I love galaxy late in small amounts, can't take to it when used to bitter or used in large amounts.


----------



## mosto (2/8/13)

Given flameout is 89 min into the boil, I assume it was a 90 min boil and the additions were:

30g @ 15 min
30g @ 5 min
30g @ flameout


----------



## yum beer (2/8/13)

missed the flameout, still I expect things to be spelt out for me...its the style of the times


----------



## Norto (3/8/13)

mosto said:


> Given flameout is 89 min into the boil, I assume it was a 90 min boil and the additions were:
> 
> 30g @ 15 min
> 30g @ 5 min
> 30g @ flameout


Exactly mosto, it was a 90 Min boil.
Sorry for the lack of info fellas, batch size was , well I was shooting for about 30L but ended up with closer to 27L. I also just dropped the hops in and did not use a hop sock, would this make a difference?
Norto.


----------



## winkle (3/8/13)

Norto said:


> Exactly mosto, it was a 90 Min boil.
> Sorry for the lack of info fellas, batch size was , well I was shooting for about 30L but ended up with closer to 27L. I also just dropped the hops in and did not use a hop sock, would this make a difference?
> Norto.


That'll make no real difference.
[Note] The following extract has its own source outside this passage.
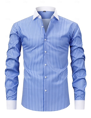 Herren Hemd Kleidhemd Bügelfreies Hemd Gestreiftes Hemd Knopfhemd Vertikale Streifen Hochzeit Outdoor Hellblau Schwarz Weiß Rosa Langarm Kragen Sommer Frühling Bekleidung Farbblock
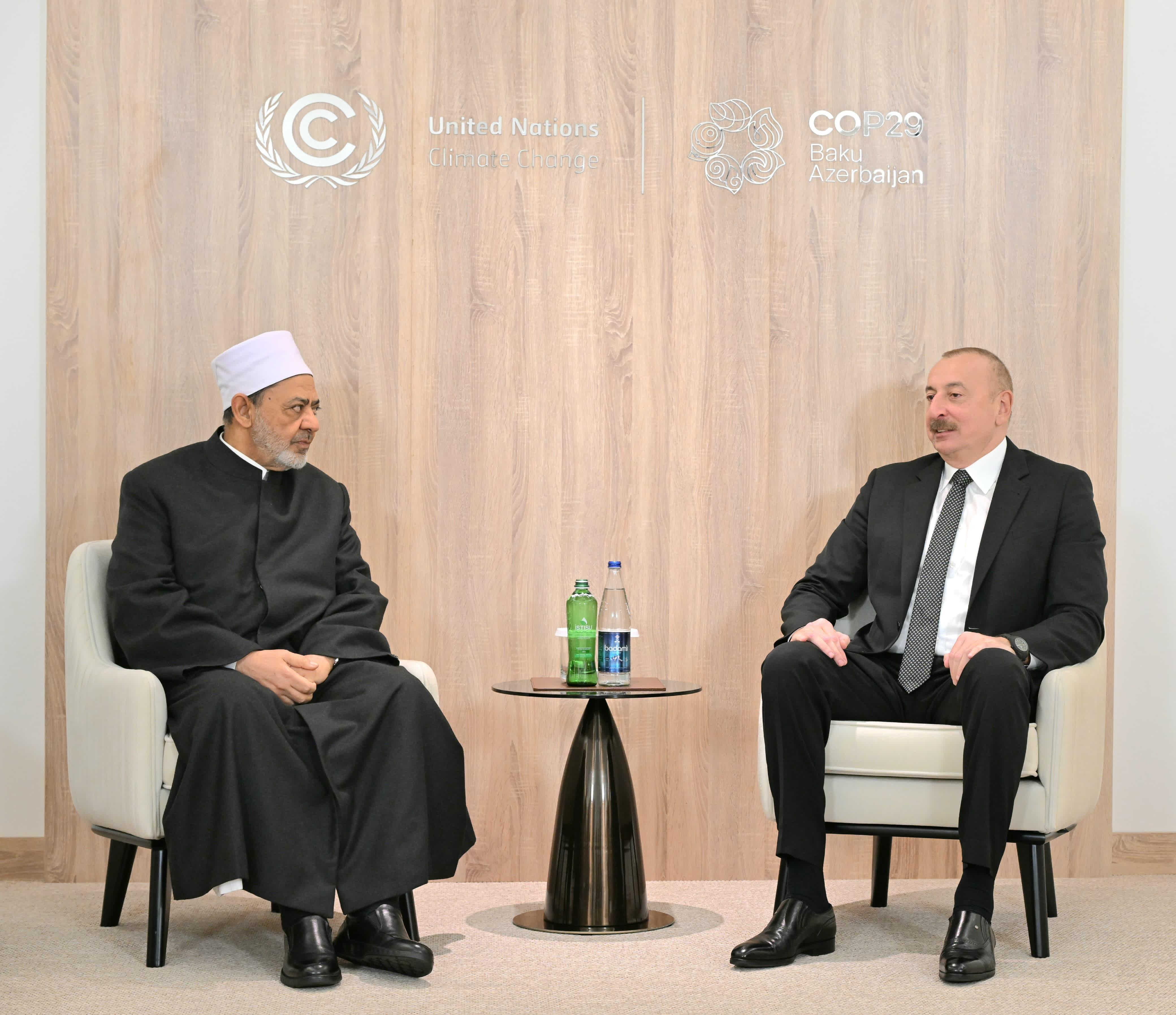 Baca selanjutnya>Grand Syekh Al Azhar yang juga Ketua Majelis Hukama Muslimin (MHM), Imam Akbar Prof. Dr. Ahmed Al-Tayeb, bertemu dengan Presiden Republik Azerbaijan, Ilham Aliyev, setibanya di Baku, Senin (11/11/2024). Imam Akbar berkunjung ke Baku untuk menghadiri sesi ke-29 Konferensi Para Pihak pada Konvensi Kerangka Kerja PBB tentang Perubahan Iklim (COP29).

Did you chill it or use a cube because that will make a difference, and it would help knowing what the grist was. As with everything in brewing, it is always more complicated than you'd initially think.


----------



## Norto (4/8/13)

winkle said:


> That'll make no real difference. Did you chill it or use a cube because that will make a difference, and it would help knowing what the grist was. As with everything in brewing, it is always more complicated than you'd initially think.


Thanks Winkle,

I used a counter flow chiller, and my recipe was

4kg - pale Ale malt
1kg - Malted wheat
250grams - Carapils
250grams - Caramunich
Yeast - Safale US 05
90 min mash
90 min boil

Thanks Norto.


----------